======== GIVEN DATA
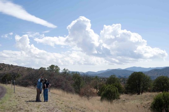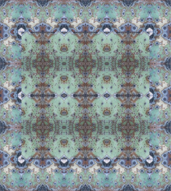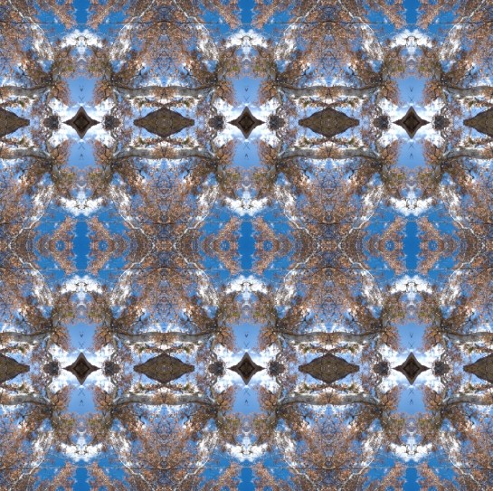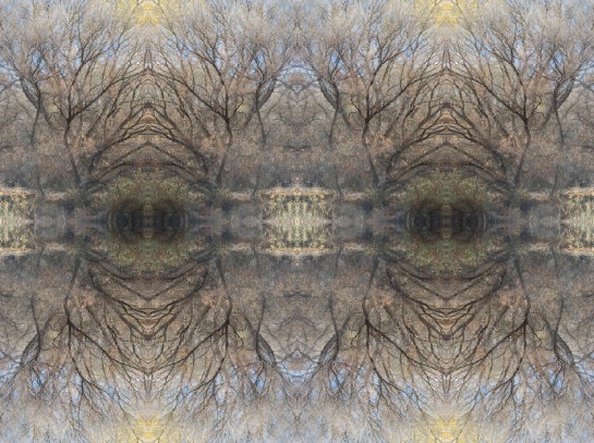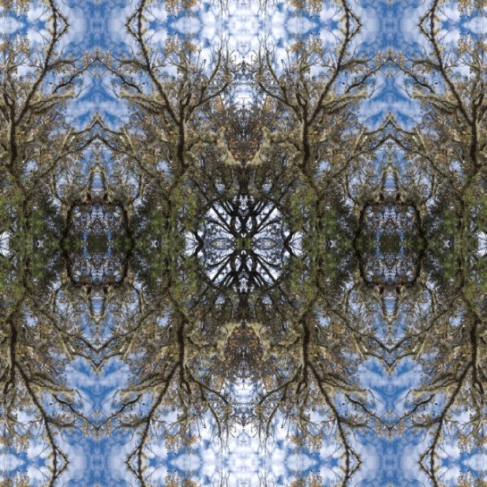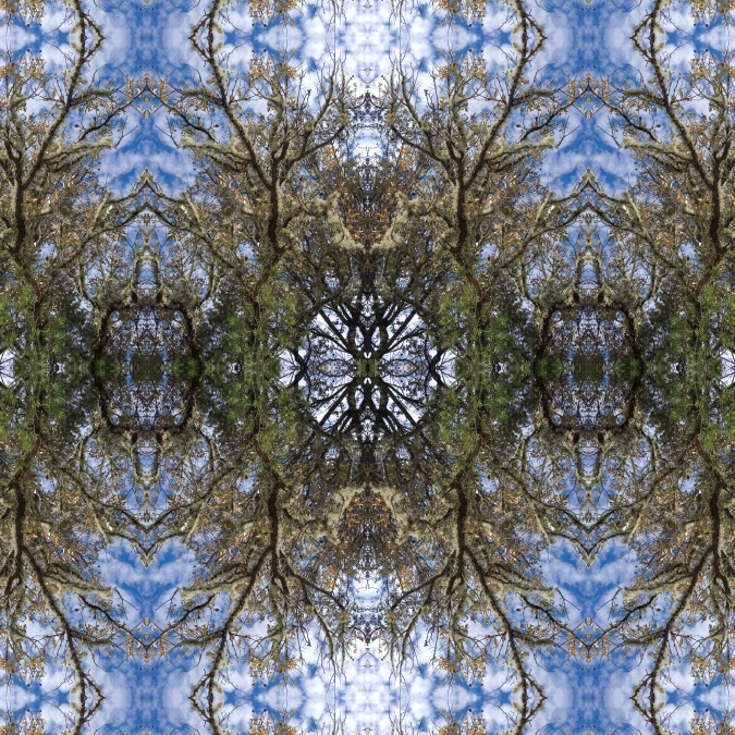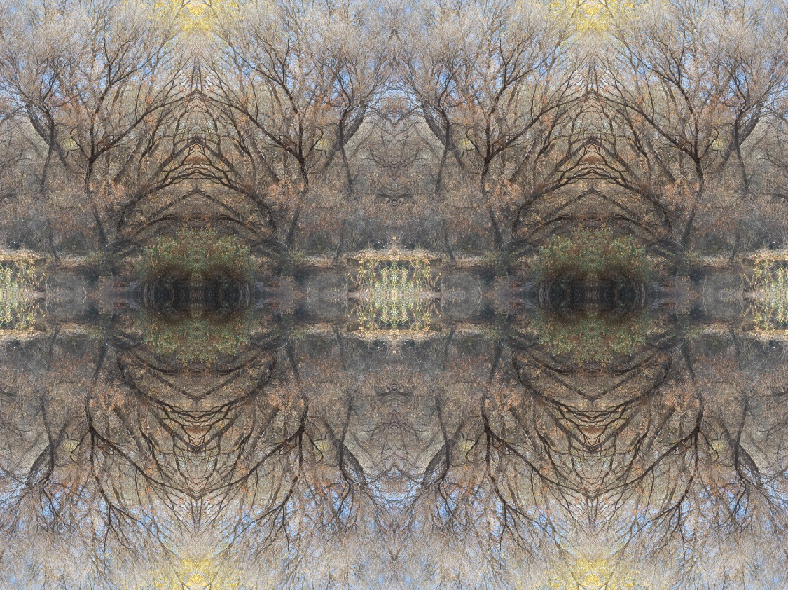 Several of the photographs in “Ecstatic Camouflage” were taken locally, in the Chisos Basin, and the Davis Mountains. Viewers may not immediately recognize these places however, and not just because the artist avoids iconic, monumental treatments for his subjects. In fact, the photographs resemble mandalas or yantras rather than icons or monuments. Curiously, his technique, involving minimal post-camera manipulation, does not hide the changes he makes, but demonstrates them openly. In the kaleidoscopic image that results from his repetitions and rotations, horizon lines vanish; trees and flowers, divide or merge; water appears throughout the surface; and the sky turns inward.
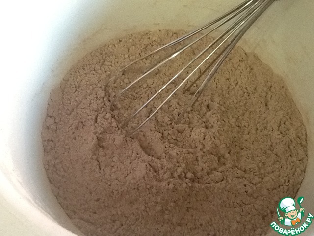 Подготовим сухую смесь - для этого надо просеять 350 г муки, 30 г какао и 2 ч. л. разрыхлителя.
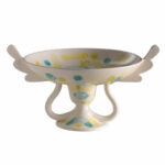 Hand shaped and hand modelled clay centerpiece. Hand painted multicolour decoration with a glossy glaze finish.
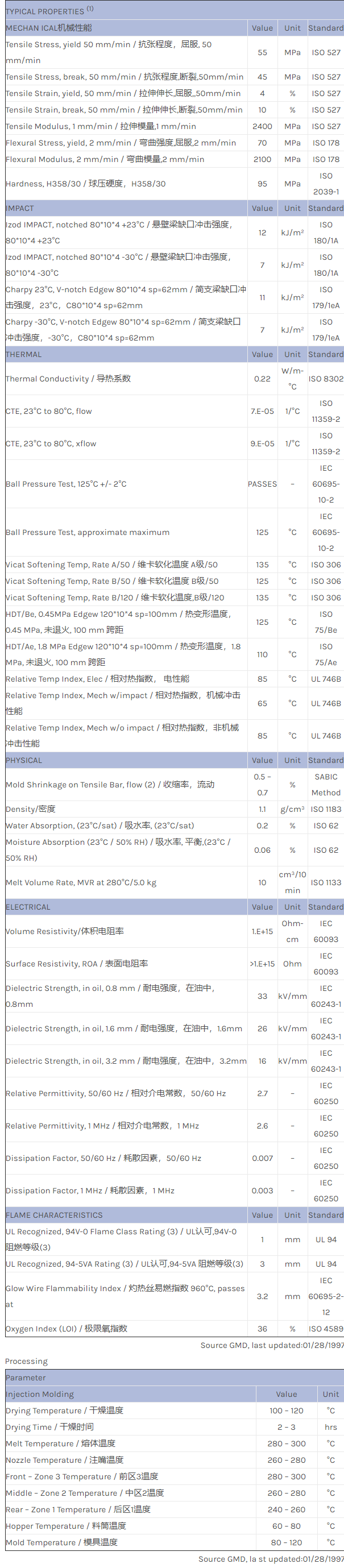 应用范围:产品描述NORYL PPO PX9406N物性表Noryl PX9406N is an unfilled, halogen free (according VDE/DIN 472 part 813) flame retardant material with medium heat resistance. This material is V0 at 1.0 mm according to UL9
================
[EXERCISE] Copy out all the data exactly; skip the pictures.

[EXERCISE ANSWER]
 Several of the photographs in “Ecstatic Camouflage” were taken locally, in the Chisos Basin, and the Davis Mountains. Viewers may not immediately recognize these places however, and not just because the artist avoids iconic, monumental treatments for his subjects. In fact, the photographs resemble mandalas or yantras rather than icons or monuments. Curiously, his technique, involving minimal post-camera manipulation, does not hide the changes he makes, but demonstrates them openly. In the kaleidoscopic image that results from his repetitions and rotations, horizon lines vanish; trees and flowers, divide or merge; water appears throughout the surface; and the sky turns inward.
 Подготовим сухую смесь - для этого надо просеять 350 г муки, 30 г какао и 2 ч. л. разрыхлителя.
 Hand shaped and hand modelled clay centerpiece. Hand painted multicolour decoration with a glossy glaze finish.
 应用范围:产品描述NORYL PPO PX9406N物性表Noryl PX9406N is an unfilled, halogen free (according VDE/DIN 472 part 813) flame retardant material with medium heat resistance. This material is V0 at 1.0 mm according to UL9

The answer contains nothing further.